Restrepia driessenii
- Conservation status: CITES Appendix II

Scientific classification
- Kingdom: Plantae
- Clade: Embryophytes
- Clade: Tracheophytes
- Clade: Spermatophytes
- Clade: Angiosperms
- Clade: Monocots
- Order: Asparagales
- Family: Orchidaceae
- Subfamily: Epidendroideae
- Genus: Restrepia
- Species: R. driessenii
- Binomial name: Restrepia driessenii Luer & Sijm

= Restrepia driessenii =

- Genus: Restrepia
- Species: driessenii
- Authority: Luer & Sijm
- Conservation status: CITES_A2

Species of flowering plant

Restrepia driessenii is a species of flowering plant in the family Orchidaceae. It is an epiphyte native to Venezuela.

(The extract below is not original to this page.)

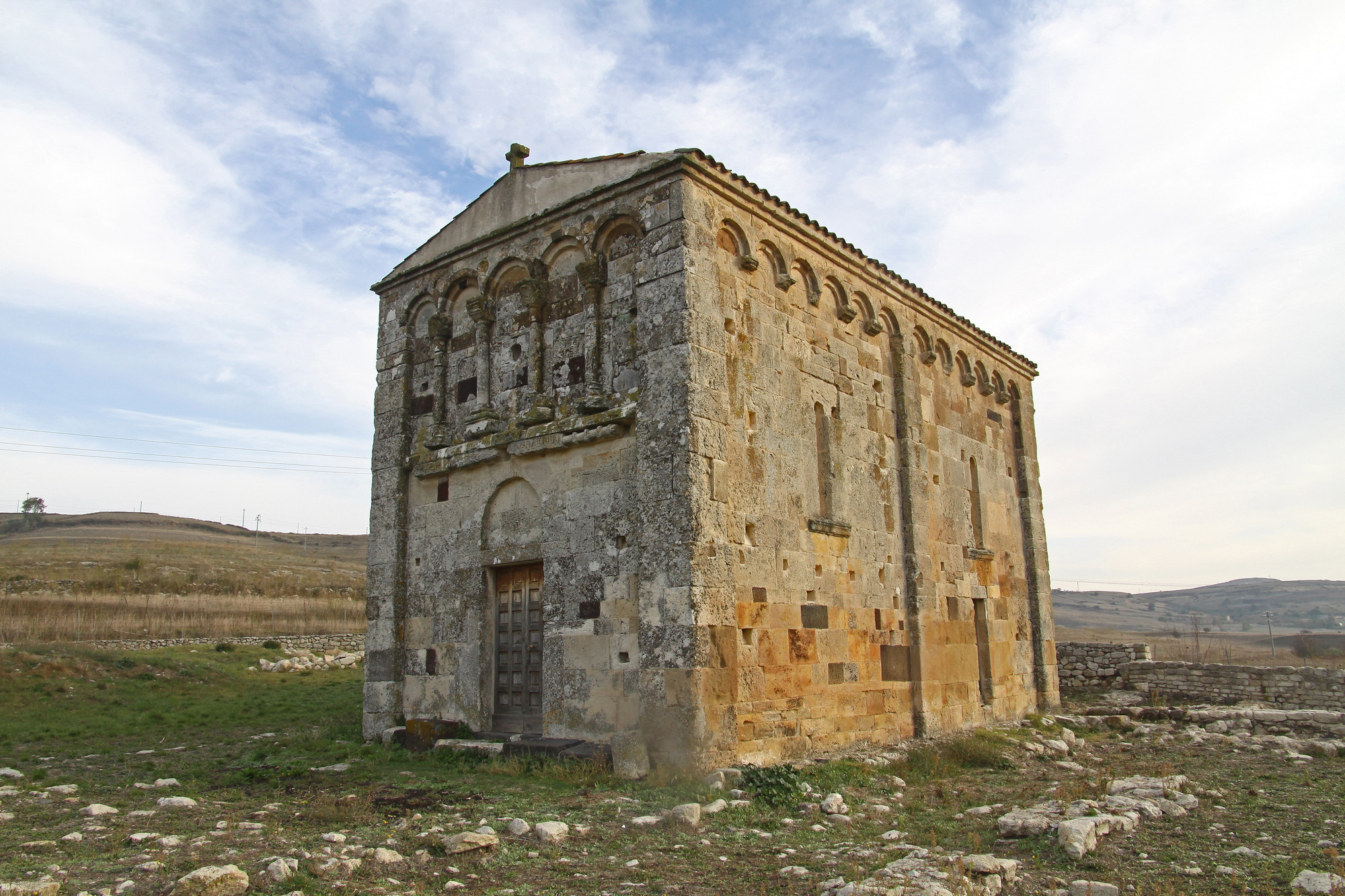 È uno degli edifici più interessanti nel panorama romanico sardo. Insieme alla purezza delle forme architettoniche potrai ammirare il pregio degli affreschi che ne decorano l’interno, risalenti a inizio XIII secolo. La facciata è bipartita da una cornice orizzontale: nella parte bassa si apre il portale architravato, nella parte alta una serie di archetti su colonnine crea una falsa loggia. Ogni colonnina è sormontata da un peduccio con funzione di capitello, decorato da incisioni o rilievi. Fra un archetto e l’altro vedrai conci con alloggi per bacini ceramici. Anche lungo il terminale di fianchi e abside, scanditi da una lesena mediana, corrono altri archetti. Sui fianchi la luce penetra da due finestre monofore. All’interno, l’aula a navata unica si articola in due campate quadrate, voltate a crociera e separate da un sottarco impostato su lesene.

The species was described in 2009, and is listed in Appendix II of CITES.

==Taxonomy==
The species was described in 2009, by Carlyle A. Luer and A.P. Sijm. The holotype was purchased. It was cultivated in Venhuizen, Netherlands.

==Distribution==
Restrepia driessenii is native to the wet tropical biome of Venezuela.

==Conservation==
Restrepia driessenii is listed in Appendix II of CITES. There are no suspensions or quotas in place for the species.